Intel x86 vs x64 system call
General part
EDIT: Linux irrelevant parts removed
While not totally wrong, narrowing down to int 0x80
and syscall
oversimplifies the question as with sysenter
there is at least a 3rd option.
Using 0x80 and eax for syscall number, ebx, ecx, edx, esi, edi, and ebp to pass parameters is just one of many possible other choices to implement a system call, but those registers are the ones the 32-bit Linux ABI chose.
Before taking a closer look at the techniques involved, it should be stated that they all circle around the problem of escaping the privilege prison every process runs in.
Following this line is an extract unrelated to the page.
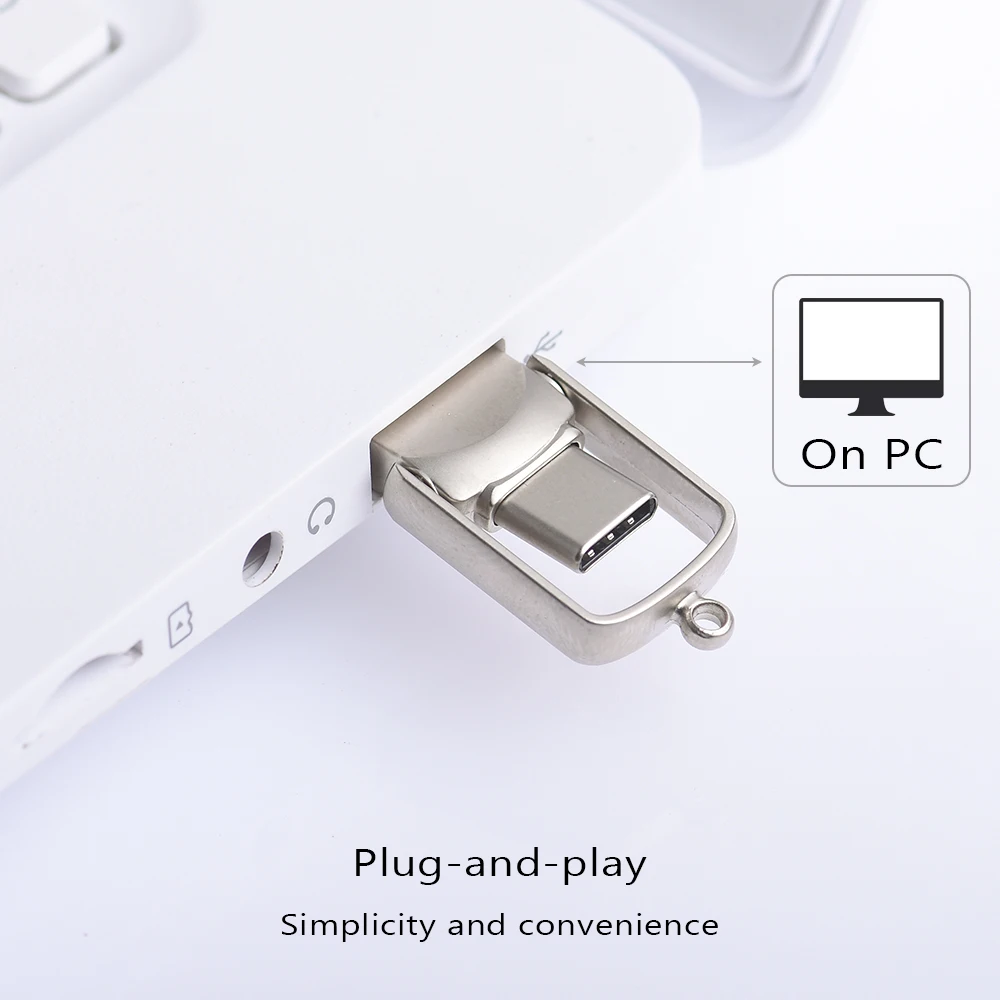 Comprar Pendrive USB con logotipo personalizado 2 en 1, unidad Flash Mini de Metal de 128GB, 64GB, tipo C, 32GB, 16GB, 8GB, 4GB, regalo creativo

Another choice to the ones presented here offered by the x86 architecture would have been the use of a call gate (see: http://en.wikipedia.org/wiki/Call_gate)
The only other possibility present on all i386 machines is using a software interrupt, which allows the ISR (Interrupt Service Routine or simply an interrupt handler) to run at a different privilege level than before.
(Fun fact: some i386 OSes have used an invalid-instruction exception to enter the kernel for system calls, because that was actually faster than an int
instruction on 386 CPUs. See OsDev syscall/sysret and sysenter/sysexit instructions enabling for a summary of possible system-call mechanisms.)
Software Interrupt
What exactly happens once an interrupt is triggered depends on whether switching to the ISR requires a privilege change or not:
(Intel® 64 and IA-32 Architectures Software Developer’s Manual)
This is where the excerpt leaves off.